Ghanaian traditional ruler

Togbe Afede XIV (23 April 1957) is the Agbogbomefia of the Asogli State, President of Asogli Traditional Area, and former president of the National House of Chiefs.

== Early life and education ==

Togbe Afede XIV was born in Ho on 23 April 1957 to Corporal Patrick Akpo and Madam Rose Anyawoe. His twin brother, Philip, died at a young age.

He began his education at Ho Bankoe Roman Catholic Boys School in 1961 and then entered Kpedze Secondary School in 1969, successfully completing his GCE “O” Level in 1974. He then proceeded to Labone Secondary School in Accra where he excelled in the GCE “A” Level examination in 1976.
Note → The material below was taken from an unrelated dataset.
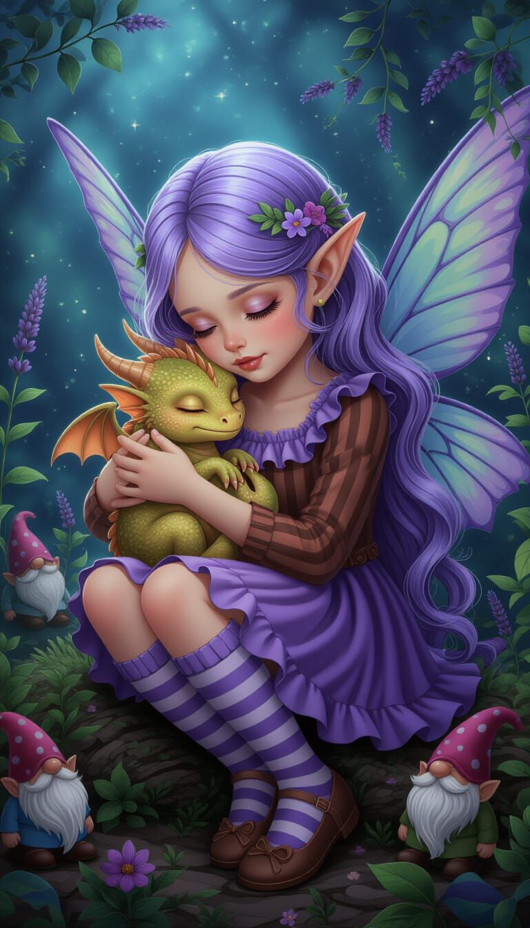 A hyperrealistic image of a tiny fairy girl with lavender hair holding a sleeping baby dragon. Magical plants and gnomes surround them in a vibrant, cozy fairytale setting.

Togbe Afede XIV is an alumnus of University of Ghana where he obtained a Bachelor of Business Administration qualification in Accounting in 1979. He also holds an MBA from the Yale School of Management in 1989.

== Career ==

Togbe is the executive chairman of World Trade Centre Accra and was voted member of the board of directors of the World Trade Centre in 2015. Togbe founded SAS Finance Group Ltd, constituting Strategic African Securities Ltd, a stock brokerage and corporate finance advisory firm, and SAS Investment Management Ltd, an asset management firm. He also founded Strategic Initiatives Ltd (SIL) a portfolio and private equity investment firm, and co-founded Sunon Asogli Power Ghana Ltd, Databank Financial Services and Africa World Airlines Ltd.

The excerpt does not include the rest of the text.